With all transfer of credits, care must be taken to ensure unused credits are refundable when possible, such as public cloud spend (where possible) is capped rather than pre-paid as such. Work is needed to understand how this works with JISC OCRE: https://www.jisc.ac.uk/ocre-cloud-framework
Example: Shared Job Queue (idea)
There are various systems that could create a job queue that spans multiple resource providers (or in some cases a common interface at multiple providers):
- https://armadaproject.io/
- https://dirac.readthedocs.io/en/latest/index.html
- https://kueue.sigs.k8s.io/
- https://github.com/elixir-cloud-aai/cwl-WES
- https://nextflow.io/
Cloud credit users could be consuming cloud credits when they submit large groups or jobs, (or maybe the user trades in cloud credits for some credits on the shared job queue).
Some "free" or "cheaper" queues could exist for preemtable jobs, that could help consume the free capacity that exists between cloud reservations.
Example: Juypter Hub (idea)
When a user logs into jupyer hub, and their container is spun up, maybe this could be blocked (using a custom Authorization plugin or jupyterhub-singleuser wrapper) if the user doesn't have any credits left, along side matching configuration in the idle-culling system.
Example: Seedcorn allocation
One thing not possible with quota, is being able to hand out a very small amount of resoruce for people to try things out.
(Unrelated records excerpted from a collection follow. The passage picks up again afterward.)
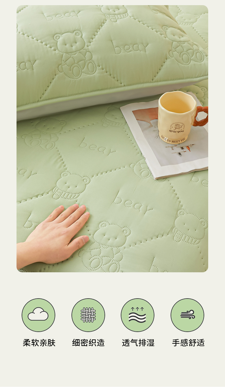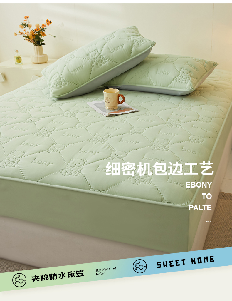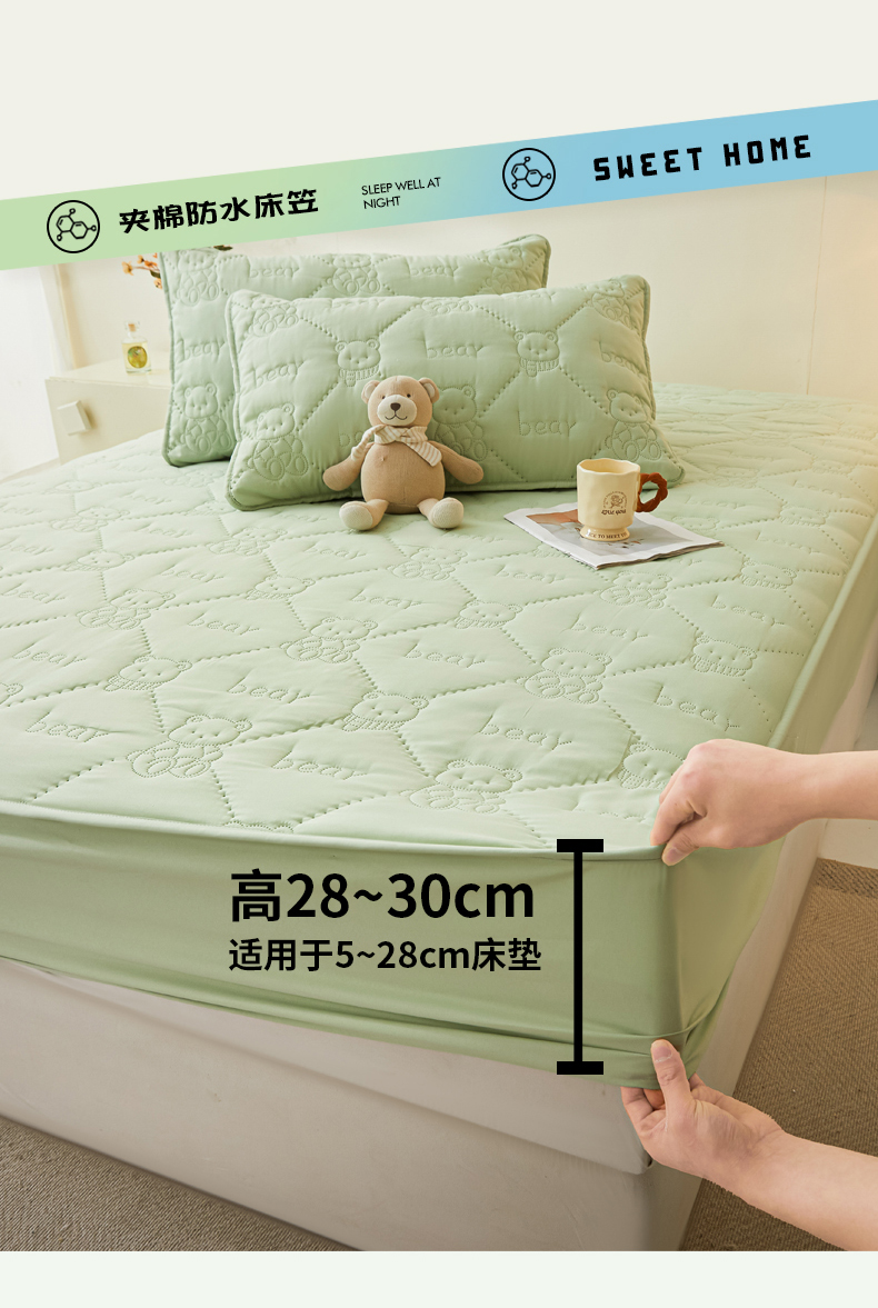 当前位置: 91家纺网 > 商品网购 > 床上用品 > 床笠 > LIFE.丽芙 2025新款磨毛单件超声波小熊夹棉防水床笠三件套 小熊防水夹棉床笠-松石绿
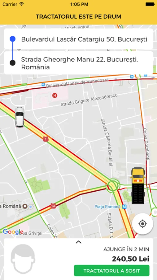 • Vizualizarea în timp real a traseului tractatorului care ajunge către tine
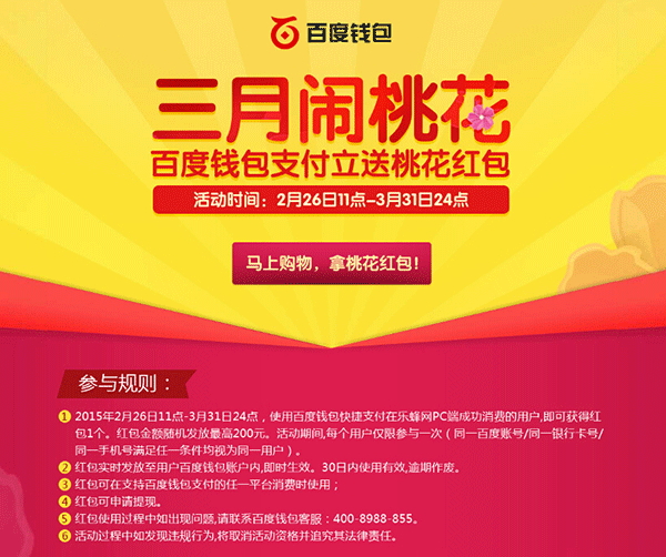 - 乐蜂网桃花节,百度钱包支付最高可得200元桃花红包:

You could say all members of an instituiton automatically get a seedcorn allocation they could use. This could become a default allocation amount for any automatically created accounts.
Audit logs
All changes should be recorded in an audit log, that can be quiried via the API
Visibility for Account holders
There should be a clear view of:
- all active resource allocations for the account
- all consumers associated with each resource allocation, so its clear how the credits are being consumed
- A prediction of how many credits will be left at the end of the allocation
Prometheus metrics for operators
Various stats should be made availabe via a prometheus metrics endpoint, including these per account metrics:
- size of current allocated credits
- size of any not current credits
- remining amount for current active credit allocations
- any active resource consumption records, including user and account details
Periodic reconciliation
Each resource provider is responsble for regularly checking if there is any drift between the current resource consumption requests, and the current state of resoruce consumption records. Only the service knows how to map the records in coral credits back to the real resources in that service.
No tracking of usage or efficiency
Coral credits on credit allocations and consumption records per account, not the current usage in each service. Coral credis does not track if the resources are being fully utilized (e.g. job efficieny).
Policy
Resource Providers, combined with their use of the central AAI proxy, must ensure users have accepted all policies before requesting a resource.
The Coral Cloud credits admin must ensure the account PI has accepted all the policies for the duration of any credit allocation to thier account.